It has been reported that as many as 79% of amputees describe their phantom pains as similar to pains felt in the limb before amputation (Katz & Melzack 1990). Reports of pain memories in phantom limbs appear to be less common when there has been a discontinuity, or a pain-free interval, between the experience of pain and the amputation. This may explain why relief of pre-amputation pain by continuous epidural block for 3 days prior to amputation (Bach et al. 1988), as well as after amputation (Jahangiri et al., 1994), decreases the incidence of PLP 6 months later. Furthermore, there appears to be a higher probability that pain will persist in the phantom limb if pain is experienced at or near the time of amputation (Jensen et al. 1985; Katz & Melzack 1990), or if pre-amputation pain is very intense or of long duration (Jensen et al. 1985; Jensen & Rasmussen, 1994).

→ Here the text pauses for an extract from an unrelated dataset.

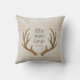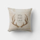 Seu pequeno vai adorar este travesseiro divertido! Este design apresenta um fundo com textura de madeira, galhadas e tipografia personalizada. Adicione a data de nascimento do seu filho para completar o visual.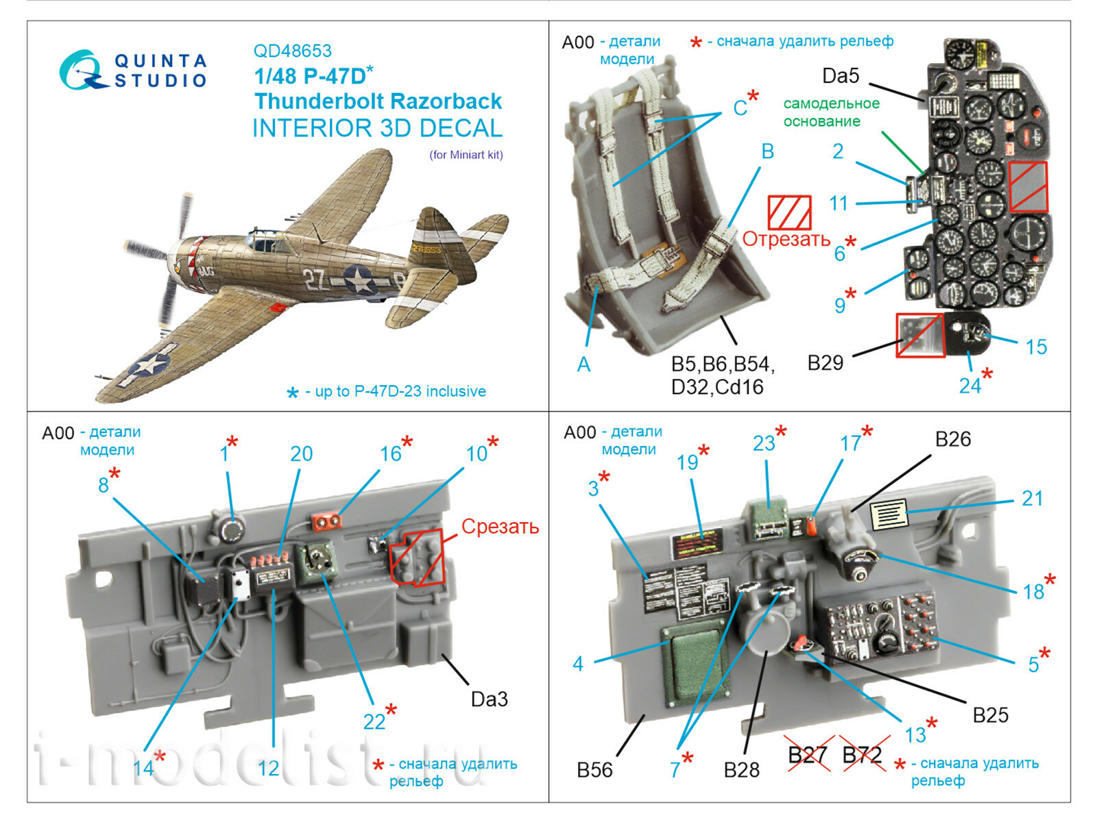 Купить QD48653 QUINTA STUDIO 1/48 3D ДЕКАЛЬ ИНТЕРЬЕРА КАБИНЫ P-47D THUNDERBOLT RAZORBACK (MINIART) (1/48)

There is also a literature on the persistence of painful and non-painful sensations associated with removal or deafferentation of body structures other than the limbs, including breasts (Kroner et al. 1989), teeth (Hutchins & Reynolds 1947; Reynolds & Hutchins 1948), and internal and special sense organs. Ulcer pain has been reported to persist after vagotomy (Szasz 1949) or subtotal gastrectomy with removal of the ulcer (Gloyne 1954). Similarly, patients have reported labor pain and menstrual cramps following total hysterectomy (Dorpat 1971), rectal and hemorrhoid pain following removal of the rectum (Ovesen et al. 1991), the burning pain of cystitis after complete removal of the bladder (Brena & Sammons 1979), and the pain of a severely ulcerated cornea after enucleation of an eye (Minski 1943).
Pain also persists in patients with deafferentation that does not involve amputation. Patients with brachial plexus avulsions (Reisner 1981; Jensen & Rasmussen 1994) and spinal cord injuries often experience pain in the anesthetic, deafferented region (Conomy 1973; Berger & Gerstenbrand 1981). For example, Nathan (1962) described a patient who continued to feel the pain of an ingrown toe-nail after a complete spinal cord break. In addition, patients with injuries of the brachial plexus (Reisner 1981; Jensen & Rasmussen 1994) or spinal cord (Conomy 1973; Berger & Gerstenbrand 1981) sometimes report that a limb is in the same uncomfortable, and often painful, posture it was in prior to the injury or block.
PLP or deafferentation pain is not entirely independent of peripheral inputs. In some instances there is a reactivation of pain experienced before amputation, that is brought on by peripheral stimulation. Leriche (1947a,b) described a patient who did not experience PLP until 6 years after amputation, when an injection into the stump instantly, and permanently, revived the pain of a former painful ulceration of the Achilles tendon. Nathan (1962; 1985) reported a similar phenomenon when applying noxious stimulation to the stump of an amputee who later re-experienced the pain of an ice-skating injury he had sustained 5 years earlier when the leg was intact. Noordenbos and Wall (1981) also described 7 patients with partial peripheral nerve injury, and subsequent pain, who underwent complete nerve resection and graft or ligation. Following regeneration and a pain-free period, all re-developed pain of the same quality and in the same location as the pain they had experienced prior to nerve resection, although in some patients the recurrence of pain was restricted to a smaller area within the originally painful region. These studies and case reports indicate that previous pains may be reactivated months or even years after the original injury, in some cases by a peripheral trigger which provides the input required to activate the sensitized central neurons. In the case of amputation phantoms, likely candidates for peripheral triggers include ectopic output from neuromas and DRGs.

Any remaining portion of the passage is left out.